**Action item:** Extract all lines from the data beneath that include the word "prices".

**Information provided:**

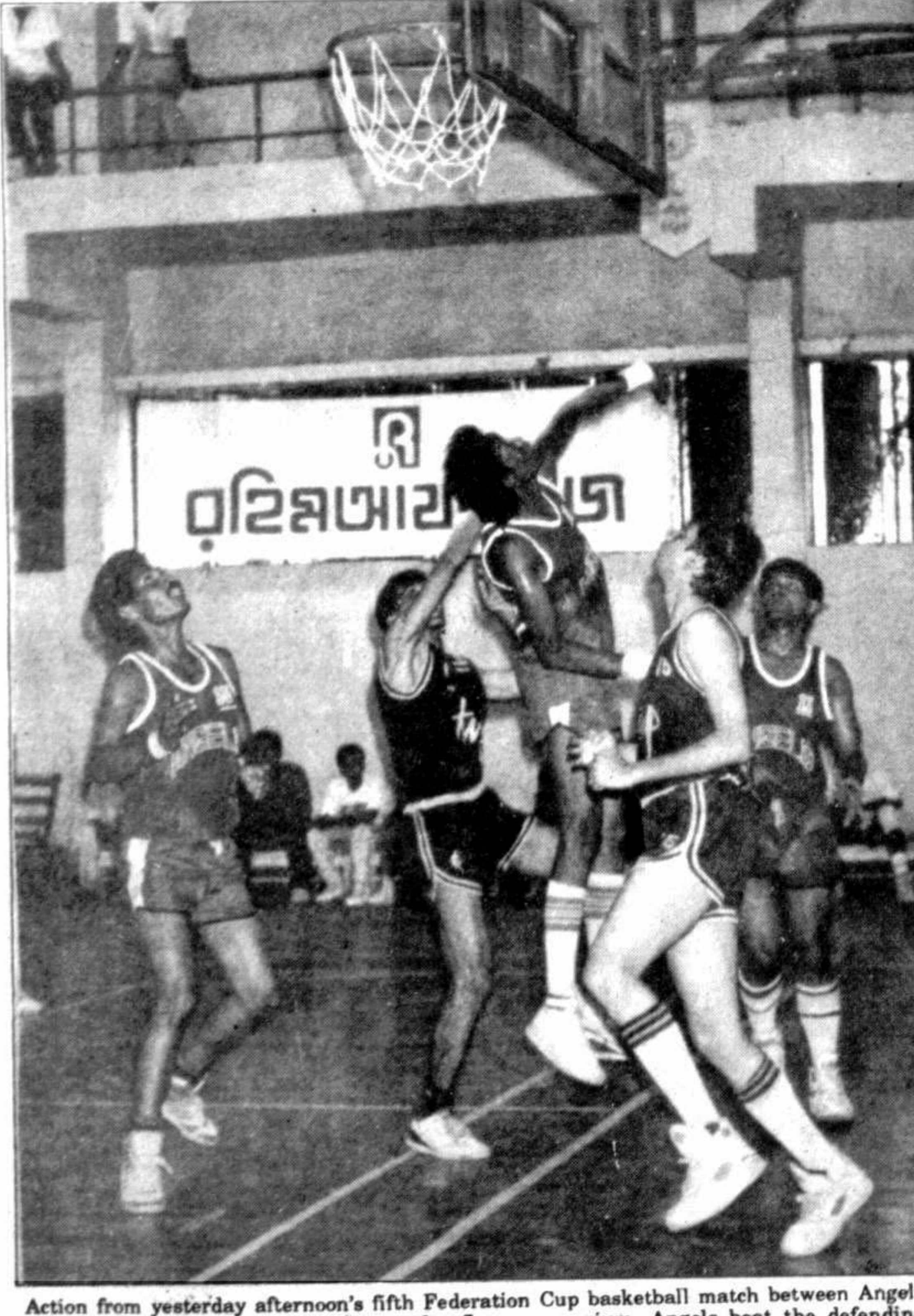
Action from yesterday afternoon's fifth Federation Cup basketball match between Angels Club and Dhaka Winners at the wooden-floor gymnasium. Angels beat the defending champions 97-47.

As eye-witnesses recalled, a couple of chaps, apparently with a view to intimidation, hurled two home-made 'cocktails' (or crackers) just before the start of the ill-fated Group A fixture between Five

* * *

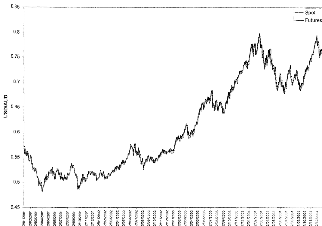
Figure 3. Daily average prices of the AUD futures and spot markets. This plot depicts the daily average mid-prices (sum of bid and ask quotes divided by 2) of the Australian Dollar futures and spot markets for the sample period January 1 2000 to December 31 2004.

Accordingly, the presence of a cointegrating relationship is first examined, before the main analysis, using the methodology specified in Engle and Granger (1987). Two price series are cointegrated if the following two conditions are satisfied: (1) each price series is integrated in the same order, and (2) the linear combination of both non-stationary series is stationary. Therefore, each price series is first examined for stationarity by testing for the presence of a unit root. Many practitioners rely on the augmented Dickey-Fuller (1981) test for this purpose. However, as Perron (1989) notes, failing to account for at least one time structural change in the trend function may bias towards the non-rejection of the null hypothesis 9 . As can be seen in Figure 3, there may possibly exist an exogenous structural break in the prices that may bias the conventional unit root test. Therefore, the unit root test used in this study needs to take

**Solution for this problem:**
Figure 3. Daily average prices of the AUD futures and spot markets. This plot depicts the daily average mid-prices (sum of bid and ask quotes divided by 2) of the Australian Dollar futures and spot markets for the sample period January 1 2000 to December 31 2004.
Accordingly, the presence of a cointegrating relationship is first examined, before the main analysis, using the methodology specified in Engle and Granger (1987). Two price series are cointegrated if the following two conditions are satisfied: (1) each price series is integrated in the same order, and (2) the linear combination of both non-stationary series is stationary. Therefore, each price series is first examined for stationarity by testing for the presence of a unit root. Many practitioners rely on the augmented Dickey-Fuller (1981) test for this purpose. However, as Perron (1989) notes, failing to account for at least one time structural change in the trend function may bias towards the non-rejection of the null hypothesis 9 . As can be seen in Figure 3, there may possibly exist an exogenous structural break in the prices that may bias the conventional unit root test. Therefore, the unit root test used in this study needs to take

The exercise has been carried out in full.